- Theatrical release poster
- Directed by: Gary Rosen
- Written by: Gary Rosen
- Produced by: Matt Salinger
- Starring: Stephen Rea; Illeana Douglas; John Ritter; Dave Foley; Richard Kind; Dusty Kay; Robert Patrick; Tom Arnold;
- Cinematography: Ralf D. Bode
- Edited by: Mark Fitzgerald
- Music by: Anthony Marinelli
- Production company: Shoreline Entertainment
- Release date: September 19, 1997;
- Running time: 93 minutes
- Country: United States
- Language: English

= Hacks (1997 film) =

Hacks ( Sink or Swim and The Big Twist) is a 1997 American comedy film written and directed by Gary Rosen. The film premiered at the AFI Los Angeles Film Festival.

==Plot==

Brian is a television writer-producer who is working on creating a 22-episode show, but has writer's block and needs inspiration.

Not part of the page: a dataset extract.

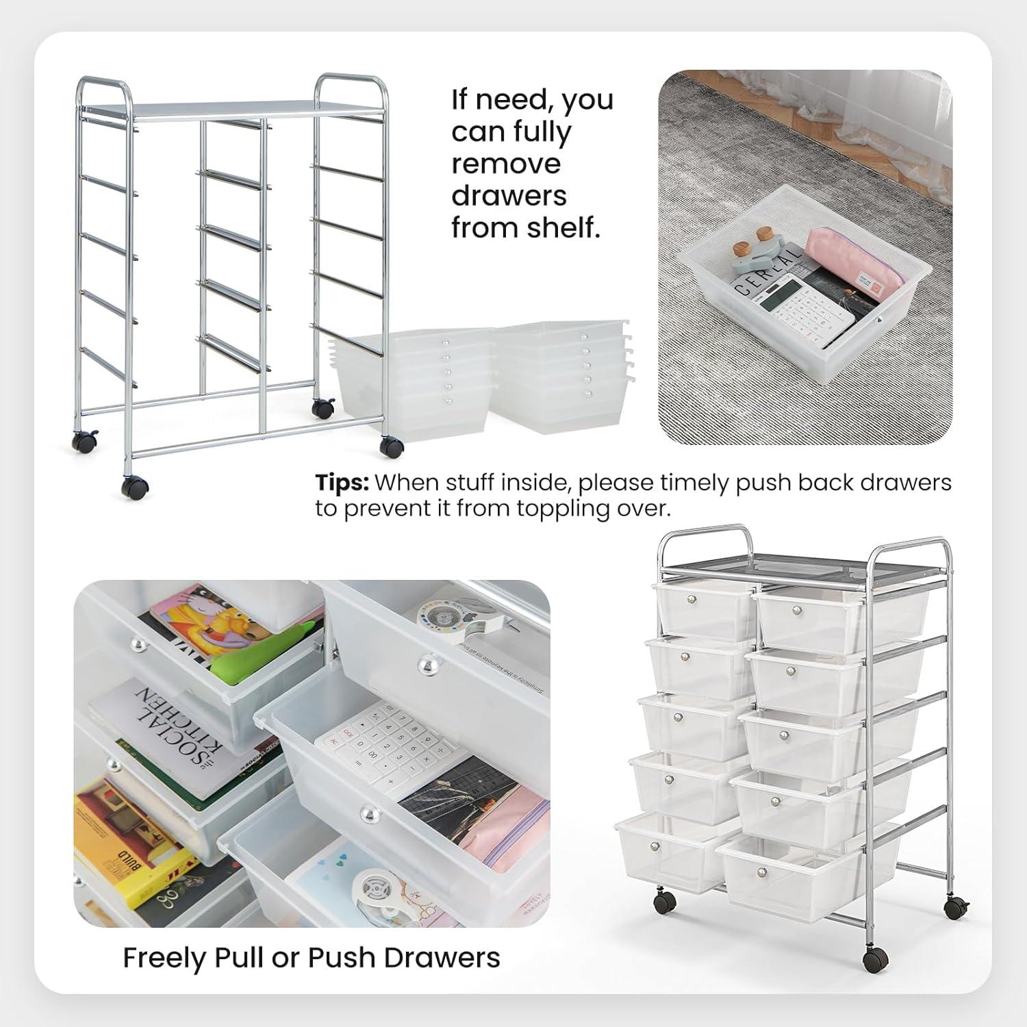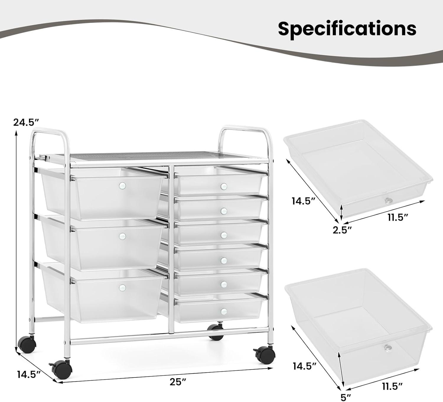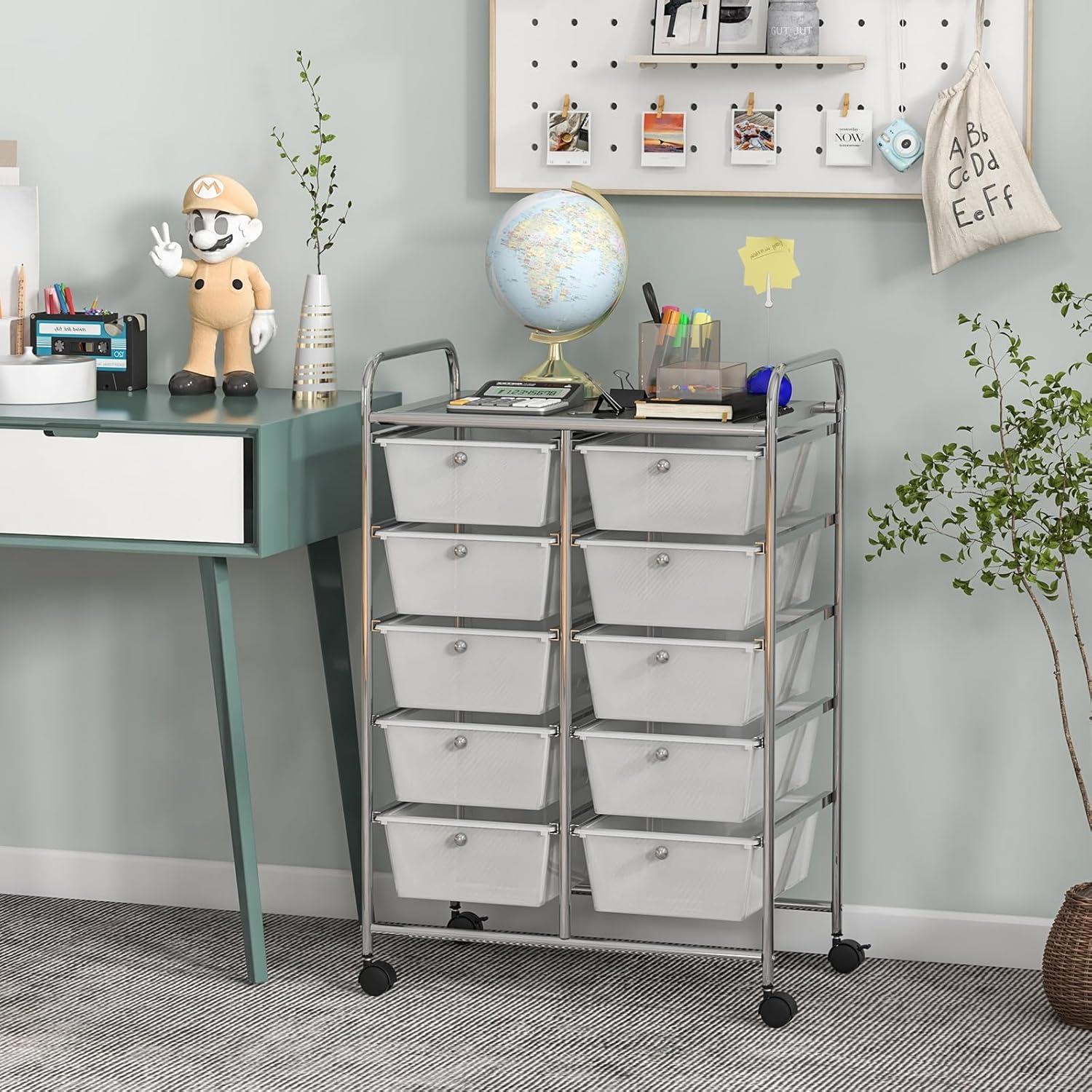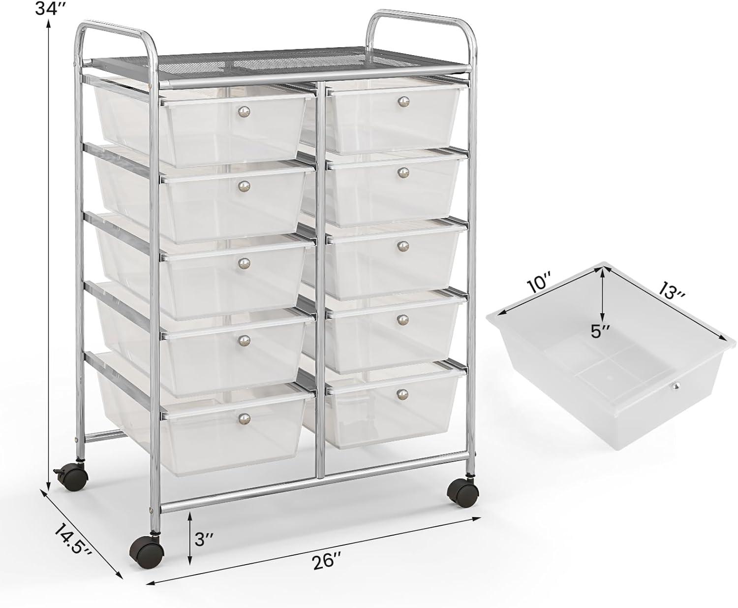 Get organized in style with our sleek and spacious rolling storage cart! Featuring 15 removable drawers, 5 of which are large and 10 are medium-sized, this cart offers plenty of storage options. The baking finish metal frame and durable PP drawers ensure long-lasting use, while the 4 universal casters (2 of which are lockable) make it easy to move around. With user-friendly features such as sleek handles and convenient knobs, this cart is perfect for living room storage, playroom storage, salon/barbershop use, or craft & sewing storage. Measuring 25″ x 14.5″ x 34.5″ (L x W x H), the utility cart saves floor space. Make clutter a thing of the past – order now!

He teams up with a group of writer friends to write about a sexual encounter he watches on a balcony.

He witnesses a strange romantic encounter between two figures on the balcony of a hotel near his flat and decides to write scripts with his writer friends based on what he saw.

==Cast==
- Stephen Rea as Brian
- Illeana Douglas as Georgia Feckler
- John Ritter as Hank
- Dave Foley as Neil
- Richard Kind as Benny
- Dusty Kay as Ira Gold
- Tom Arnold as Danny
- Robert Patrick as Goatee
- Ryan O'Neal as Dr. Applefield
- Jason Priestley as The Dude
- Olivia d'Abo as Lynn
- Lisa Kudrow as Reading
- Bob Odenkirk as Cell

==Reception==
Leonard Klady of Variety magazine called it "a flip, intermittently amusing satire" and praised the cast but wrote: "the picture has little to offer in the way of insight or reflection and therefore won't translate outside of a small, insider crowd."